▸ Task directions
Word for word, restate the lines of the data below between those holding "El Excmo y Rdmo" and "Reunión de trabajo", inclusive; pictures do not belong in the copy.

▸ Given information
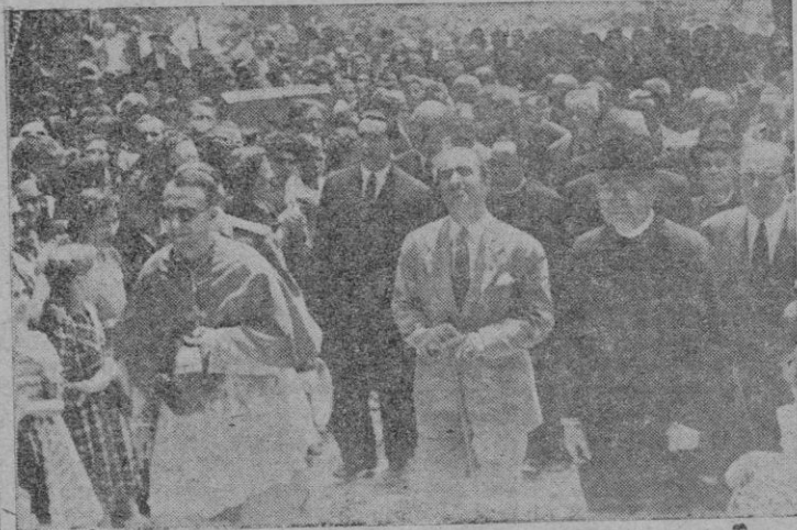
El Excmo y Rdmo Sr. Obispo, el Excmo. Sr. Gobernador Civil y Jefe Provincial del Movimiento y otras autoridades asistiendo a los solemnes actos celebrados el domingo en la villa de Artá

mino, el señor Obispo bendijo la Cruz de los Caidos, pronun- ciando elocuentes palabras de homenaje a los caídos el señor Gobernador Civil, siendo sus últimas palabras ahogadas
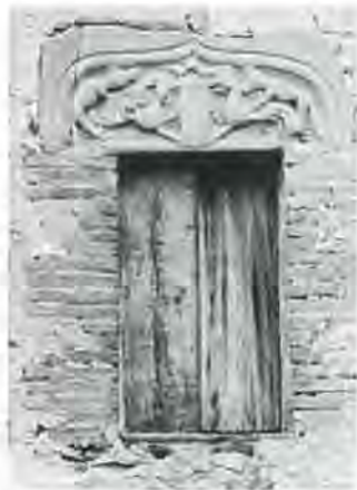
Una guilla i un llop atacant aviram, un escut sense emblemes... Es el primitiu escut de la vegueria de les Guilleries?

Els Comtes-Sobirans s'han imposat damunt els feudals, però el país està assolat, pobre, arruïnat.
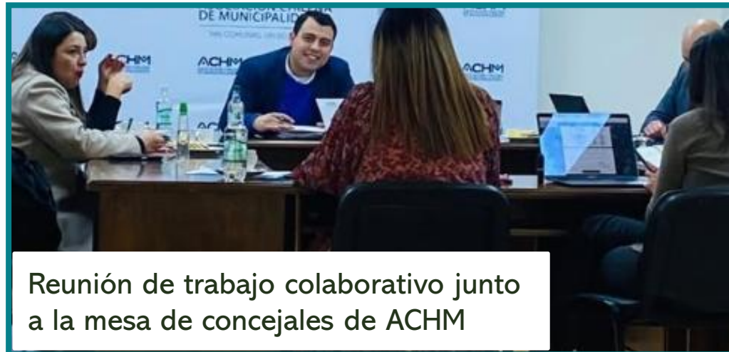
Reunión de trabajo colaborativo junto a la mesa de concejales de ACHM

--

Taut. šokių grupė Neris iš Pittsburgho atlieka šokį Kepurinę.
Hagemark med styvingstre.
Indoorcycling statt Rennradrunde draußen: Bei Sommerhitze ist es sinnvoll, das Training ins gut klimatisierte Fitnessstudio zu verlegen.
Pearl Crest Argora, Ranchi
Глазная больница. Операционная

▸ Solution
El Excmo y Rdmo Sr. Obispo, el Excmo. Sr. Gobernador Civil y Jefe Provincial del Movimiento y otras autoridades asistiendo a los solemnes actos celebrados el domingo en la villa de Artá

mino, el señor Obispo bendijo la Cruz de los Caidos, pronun- ciando elocuentes palabras de homenaje a los caídos el señor Gobernador Civil, siendo sus últimas palabras ahogadas
Una guilla i un llop atacant aviram, un escut sense emblemes... Es el primitiu escut de la vegueria de les Guilleries?

Els Comtes-Sobirans s'han imposat damunt els feudals, però el país està assolat, pobre, arruïnat.
Reunión de trabajo colaborativo junto a la mesa de concejales de ACHM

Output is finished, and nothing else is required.